Depew recorded more than 75,000 passengers getting on or off in fiscal 2014-2015. Rochester recorded 94,000; Syracuse, 96,000, and Albany, 746,000. Niagara Falls recorded about 31,000, according to statistics from the state Department of Transportation.
Becker noted the problems at Exchange Street combined with the emergence of a vibrant Canalside district makes this the right time to evaluate all options for Buffalo's passenger rail infrastructure.
Higgins has asked the state Department of Transportation to earmark $1 million to $2 million for a study to determine where a new station should be placed, and he recently led a tour of the Central Terminal to highlight the need for it to be studied as a 21st century alternative.
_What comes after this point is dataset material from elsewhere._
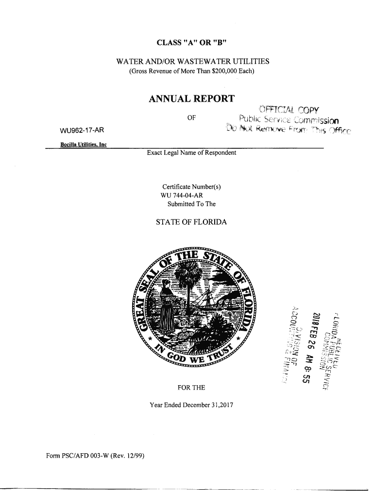 CLASS “A OR “B WATER AND/OR WASTEWATER UTILITIES (Gross Revenue of More Than $200,000 Each)ANNUAL REPORT OF WU96217 AR Bonilla Utilities, Inexact Legal Name of RespondentCertificate Number(s)

He asked state Transportation Commissioner Matthew J. Driscoll to consider the future use of $25 million budgeted for a Buffalo rail station.
He also urged study of the Canalside location, especially given its potential to serve as a multimodal facility with a direct connection to Metro Rail.
Sam Hoyt, regional president of the Empire State Development Corp. and a longtime rail advocate while serving in the Assembly, noted his father – the late Assemblyman William B. Hoyt – was instrumental in establishing the Exchange Street facility following Central Terminal's closure in 1979.
Hoyt said Tuesday that all potential sites should be evaluated, but also noted that Canalside has dominated discussion of any downtown facility for more than a decade, especially because of its potential connection to Metro Rail.
"This is the perfect time to revisit the concept of intermodal at Canalside," he said.
Mayor Byron W. Brown has also advocated for a new downtown station in recent years. His office did not return a call seeking comment on Tuesday.
Speakers at the Wednesday evening meeting besides Becker include Dan Leonard of the Buffalo Niagara Partnership, and Niagara Falls Mayor Paul S. Dyster and Planning Director Tom DeSantis, who will discuss Niagara Falls' recent experience in securing a new station.